§ **DATA FOR THIS EXERCISE**
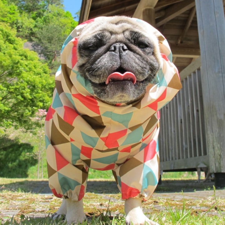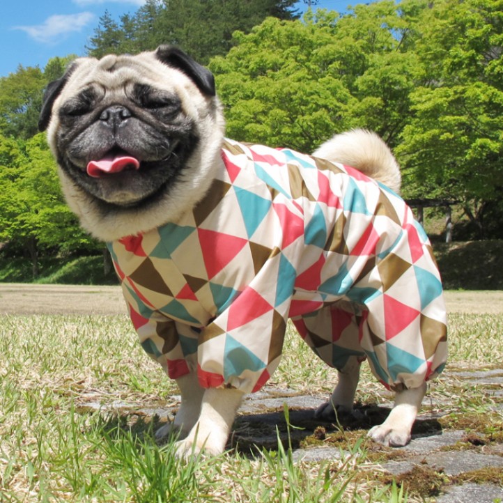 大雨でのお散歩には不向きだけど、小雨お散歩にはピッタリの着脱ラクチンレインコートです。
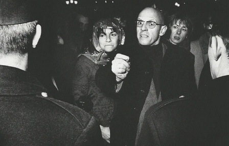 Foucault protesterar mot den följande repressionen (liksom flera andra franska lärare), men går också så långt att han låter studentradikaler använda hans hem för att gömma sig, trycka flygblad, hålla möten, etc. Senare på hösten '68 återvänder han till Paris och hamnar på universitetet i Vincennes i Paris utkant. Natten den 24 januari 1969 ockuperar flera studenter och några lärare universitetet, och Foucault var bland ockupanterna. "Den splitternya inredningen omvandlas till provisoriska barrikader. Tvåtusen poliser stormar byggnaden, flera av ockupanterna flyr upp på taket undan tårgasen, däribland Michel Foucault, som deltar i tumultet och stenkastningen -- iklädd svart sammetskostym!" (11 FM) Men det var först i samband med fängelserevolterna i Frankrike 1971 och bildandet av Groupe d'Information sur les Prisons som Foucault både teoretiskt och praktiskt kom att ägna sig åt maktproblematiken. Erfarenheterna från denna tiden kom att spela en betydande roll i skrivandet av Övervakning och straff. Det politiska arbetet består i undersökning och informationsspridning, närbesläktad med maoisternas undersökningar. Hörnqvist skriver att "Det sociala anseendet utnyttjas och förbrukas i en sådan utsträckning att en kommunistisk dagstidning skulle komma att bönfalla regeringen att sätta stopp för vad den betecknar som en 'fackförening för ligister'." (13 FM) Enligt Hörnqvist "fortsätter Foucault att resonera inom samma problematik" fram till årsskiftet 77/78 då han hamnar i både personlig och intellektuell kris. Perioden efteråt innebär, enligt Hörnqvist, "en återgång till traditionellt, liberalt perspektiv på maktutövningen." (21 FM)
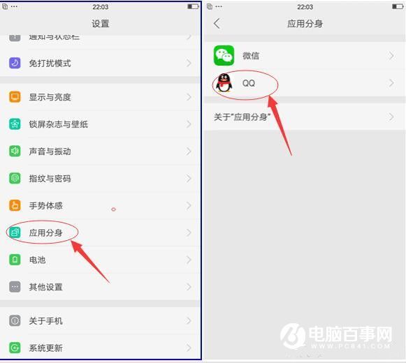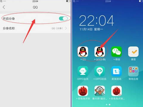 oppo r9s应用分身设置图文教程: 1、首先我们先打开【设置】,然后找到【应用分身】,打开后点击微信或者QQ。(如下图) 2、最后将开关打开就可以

* * *

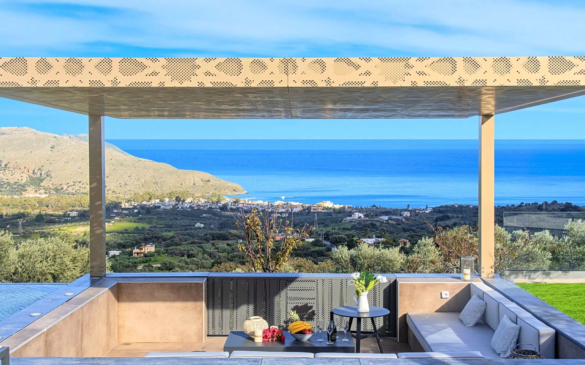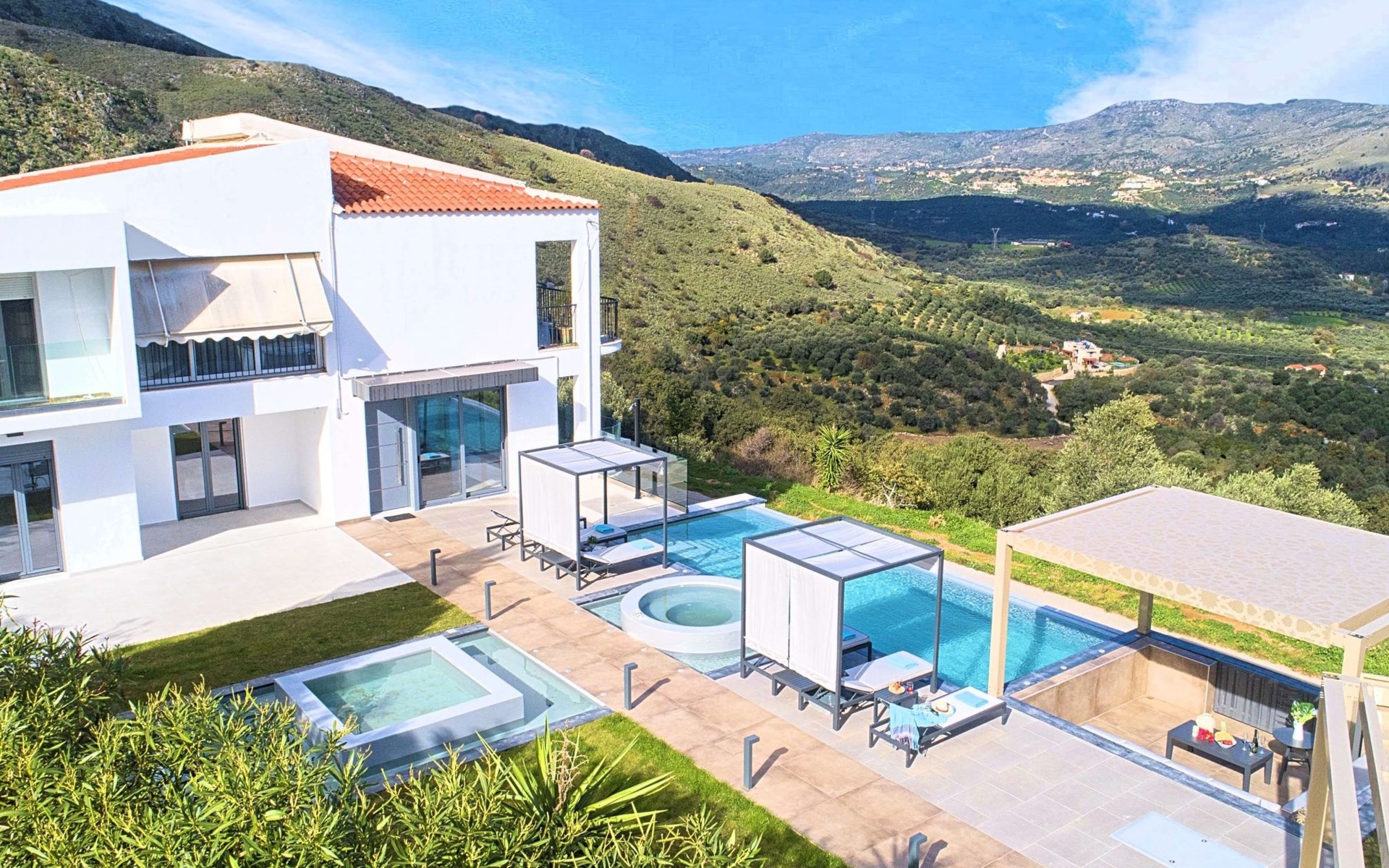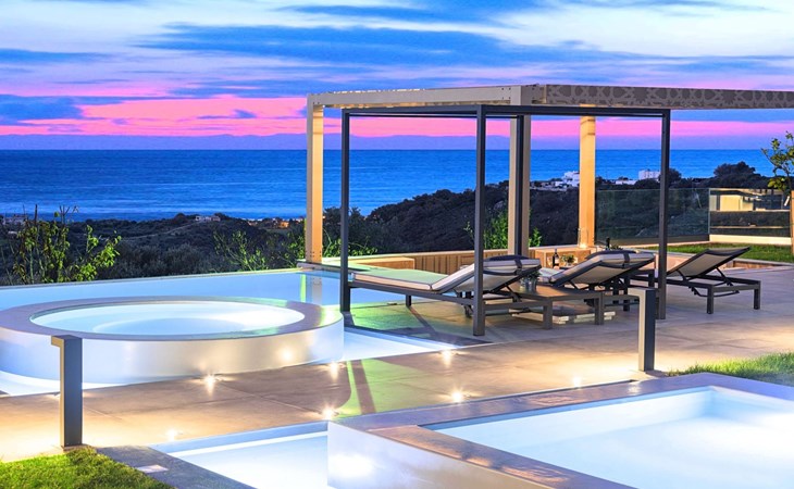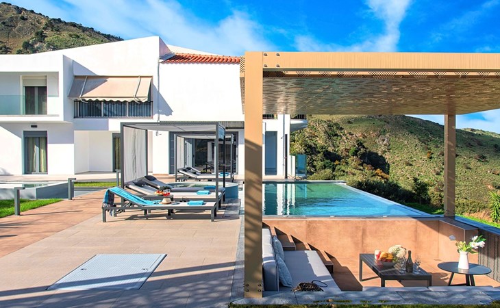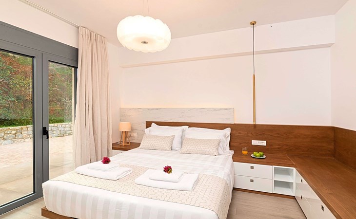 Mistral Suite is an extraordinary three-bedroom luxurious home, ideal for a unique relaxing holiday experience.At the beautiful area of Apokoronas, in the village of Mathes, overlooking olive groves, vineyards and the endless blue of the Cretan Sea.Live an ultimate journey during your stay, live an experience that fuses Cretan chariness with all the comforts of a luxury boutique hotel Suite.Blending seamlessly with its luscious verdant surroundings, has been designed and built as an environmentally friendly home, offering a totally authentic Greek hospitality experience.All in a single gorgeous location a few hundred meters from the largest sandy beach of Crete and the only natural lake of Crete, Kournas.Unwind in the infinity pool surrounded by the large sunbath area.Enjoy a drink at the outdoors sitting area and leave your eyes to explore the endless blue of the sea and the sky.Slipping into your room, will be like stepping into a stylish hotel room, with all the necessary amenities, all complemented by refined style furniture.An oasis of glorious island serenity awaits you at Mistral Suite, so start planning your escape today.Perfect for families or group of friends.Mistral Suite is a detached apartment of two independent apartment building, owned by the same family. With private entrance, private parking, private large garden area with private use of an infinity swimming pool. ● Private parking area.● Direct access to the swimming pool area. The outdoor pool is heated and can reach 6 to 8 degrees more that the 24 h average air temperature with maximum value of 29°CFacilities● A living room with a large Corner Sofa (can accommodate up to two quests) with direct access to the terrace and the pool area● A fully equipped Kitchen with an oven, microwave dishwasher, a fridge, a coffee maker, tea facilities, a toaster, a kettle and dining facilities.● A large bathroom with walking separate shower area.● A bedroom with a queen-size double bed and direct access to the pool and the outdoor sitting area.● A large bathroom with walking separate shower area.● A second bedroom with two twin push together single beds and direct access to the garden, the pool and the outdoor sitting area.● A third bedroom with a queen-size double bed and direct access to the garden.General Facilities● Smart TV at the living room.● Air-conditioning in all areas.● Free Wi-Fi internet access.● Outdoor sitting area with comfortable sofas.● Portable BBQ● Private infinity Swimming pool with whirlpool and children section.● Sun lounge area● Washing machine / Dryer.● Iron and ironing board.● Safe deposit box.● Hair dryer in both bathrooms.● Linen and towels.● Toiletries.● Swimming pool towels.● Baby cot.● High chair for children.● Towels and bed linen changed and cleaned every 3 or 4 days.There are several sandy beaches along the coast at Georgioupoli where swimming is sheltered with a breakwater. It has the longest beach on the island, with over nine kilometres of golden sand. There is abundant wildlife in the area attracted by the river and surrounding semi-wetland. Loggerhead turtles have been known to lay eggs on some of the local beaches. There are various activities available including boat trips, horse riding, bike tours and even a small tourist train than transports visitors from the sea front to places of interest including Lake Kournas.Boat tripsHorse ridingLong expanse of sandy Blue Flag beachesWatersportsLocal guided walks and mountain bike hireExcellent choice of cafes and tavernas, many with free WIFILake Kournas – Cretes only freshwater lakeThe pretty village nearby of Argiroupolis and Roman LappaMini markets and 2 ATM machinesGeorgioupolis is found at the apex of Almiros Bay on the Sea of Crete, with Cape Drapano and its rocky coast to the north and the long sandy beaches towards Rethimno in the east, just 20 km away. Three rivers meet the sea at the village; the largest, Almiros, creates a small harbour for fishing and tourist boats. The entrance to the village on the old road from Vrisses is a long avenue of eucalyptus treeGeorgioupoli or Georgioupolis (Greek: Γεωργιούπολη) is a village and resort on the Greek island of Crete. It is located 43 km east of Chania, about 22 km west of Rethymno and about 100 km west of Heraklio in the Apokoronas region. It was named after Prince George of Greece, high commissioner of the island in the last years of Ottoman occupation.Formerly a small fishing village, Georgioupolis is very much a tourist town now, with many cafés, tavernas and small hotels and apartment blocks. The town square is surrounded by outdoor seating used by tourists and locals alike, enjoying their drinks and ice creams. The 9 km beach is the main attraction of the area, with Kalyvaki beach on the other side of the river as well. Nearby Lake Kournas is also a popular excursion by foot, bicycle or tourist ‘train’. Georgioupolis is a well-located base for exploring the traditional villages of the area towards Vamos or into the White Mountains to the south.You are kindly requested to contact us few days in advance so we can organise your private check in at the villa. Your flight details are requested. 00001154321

==

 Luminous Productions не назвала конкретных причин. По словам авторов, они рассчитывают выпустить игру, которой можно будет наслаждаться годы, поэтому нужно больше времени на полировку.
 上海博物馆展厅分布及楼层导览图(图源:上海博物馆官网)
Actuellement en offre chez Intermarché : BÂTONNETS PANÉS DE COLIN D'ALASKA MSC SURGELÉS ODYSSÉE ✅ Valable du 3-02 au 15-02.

§ **WHAT YOU HAVE TO DO**
From the material above, copy exactly the lines between the line holding "上海博物馆展厅分布及楼层导览图(图源:上海博物馆官网)" and the line holding "Actuellement en offre", inclusive, and only those.

§ **PROBLEM SOLUTION**
 上海博物馆展厅分布及楼层导览图(图源:上海博物馆官网)
Actuellement en offre chez Intermarché : BÂTONNETS PANÉS DE COLIN D'ALASKA MSC SURGELÉS ODYSSÉE ✅ Valable du 3-02 au 15-02.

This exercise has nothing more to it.